Killing of bacteria after phagocytosis by macrophages is typically achieved by a combination of methods including vesicle acidification, enzymatic digestion and reactive oxygen (ROI) and nitrogen intermediates. As a marker of antibacterial activity, the generation of superoxide, hydrogen peroxide and nitric oxide by cotton rat macrophages were measured. To stimulate the production of these molecules, cotton rat macrophages were primed with IFNγ (2, 4, 6, 8 or 10 U/mL) or supernatant from Concanavalin A stimulated spleen cells (containing IFNγ), and triggered with 100 ng/mL LPS and Listeria monocytogenes (MOI = 10), PMA 100 ng/mL or TNFα 10 pg/mL. After the stimulation, there was an increase in the generation of superoxide and hydrogen peroxide by macrophages (Fig. 3A). However, no nitric oxide production by cotton rat macrophages was observed (Fig. 3B). In contrast, mouse bone marrow-derived macrophages secreted high amounts of nitric oxide (Fig. 3B). In order to exclude the possibility that the lack of NO secretion was specific for bone marrow-derived macrophages, peritoneal macrophages were obtained and tested with various stimuli. However, no secretion of NO was found (data not shown). The Griess reaction used to measure nitrite (a stable product of NO) has a limit of detection in the low micromolar range. Furthermore, we tested the production of NO in supernatants of cotton rat macrophages by electron paramagnetic resonance (EPR) spin trapping. Even with this sensitive technique, no nitric oxide production was observed (data not shown). To test for the presence of intracellular nitric oxide, cells were preloaded with the NO-specific intracellular fluorophore, diaminofluorescein-2 diacetate (DAF-2A), and results indicated the production of intracellular NO (Fig. 4). In addition, mRNA for inducible nitric oxide synthase 2 (NOS2) was detected by PCR from these macrophages (data not shown). These data indicate that cotton rat macrophages are very similar to human macrophages in that they express very little NO (in contrast to mouse macrophages). However, even low amounts of NO produced by human macrophages may have the antibacterial activity [5]. In order to determine whether this was also true for cotton rat macrophages, an inhibitor of NO production was used. Macrophages treated with the NOS2 inhibitor 1400 W, demonstrated increased growth of bacteria as compared to bacterial growth in mock-treated macrophages (Fig. 5).

Fig. 3
Secretion of superoxide, hydrogen peroxide and nitric oxide by cotton rat macrophages. Addition of zymosan to IFNγ primed cotton rat bone marrow-derived macrophages (106 per well) leads to secretion of extracellular superoxide (O2) and ...
Fig. 4
Fluorescent microscopy of diaminofluorescein diacetate (DAF2A) stained cotton rat bone marrow-derived macrophages.
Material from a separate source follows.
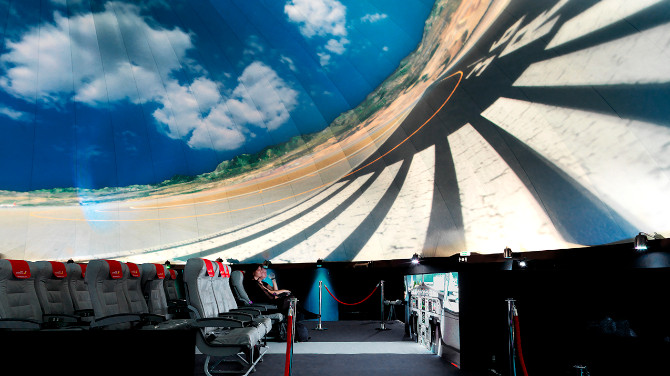 Ganz bestimmt! Doch statt die Feier über den Lüften zu veranstalten und dafür den wohlverdienten guten Ruf (samt Auszeichnung) für ihre Pünktlichkeit aufs Spiel zu setzen, hieß Iberia Express seine Passagiere zu einem virtuellen Flug von Madrid zur Urlaubsinsel Teneriffa willkommen. Unterstützt wurde die Airline hierbei durch eine Kuppelprojektion in 360°-Anordnung, mit freundlicher Genehmigung vom Live-Event-Experten Newmedia Creative Technology Studio und Pro-AV-Hersteller Christie.

Cotton rat macrophages were treated with the fluorophore DAF2A which can be detected by UV light (bottom) after reaction with nitric oxide ...

4. Discussion

In the present study, we have described the culture of bone marrow-derived macrophages from cotton rats and characterized them phenotypically and functionally. Culture conditions used for the generation of mouse bone marrow-derived macrophages proved to be satisfactory for cotton rat bone marrow-derived macrophages, too. Cotton rat macrophages display typical characteristics of macrophages including plastic adherence, the presence of granules containing non-specific esterase, expression of MHC I, MHC II, CD14, and production of TNFα, TGFβ, IL12 and IL18 mRNA. One difference to other rodent macrophages was the expression of MHC II. In mouse and rat BMDM expression levels of MHC II molecules are high (60% [36] and 30% [37], respectively) whereas in cotton rat macrophages expression is low although it can be stimulated with IFN γ. Cotton rat macrophages also do not express CD4, similar to the mouse, but in contrast to rat and human macrophages [38]. In functional assays, cotton rat macrophages ingest bacteria into lysosomes and are able to kill them. In contrast to macrophages from a variety of rodents like mouse [39], gerbil, mastomys [40] and rats [2], cotton rat macrophages express low amounts of nitric oxide. Previous studies have shown that the induction of interferon regulatory factor 1 (IRF1) by IFNγ up-regulates the NOS2 promoter and this stimulation is counteracted by TGFβ [41]. Constitutive TGFβ mRNA expression is found in cotton rat macrophages. However, further studies have to elucidate whether this is the mechanical reason for the low level of NO expression.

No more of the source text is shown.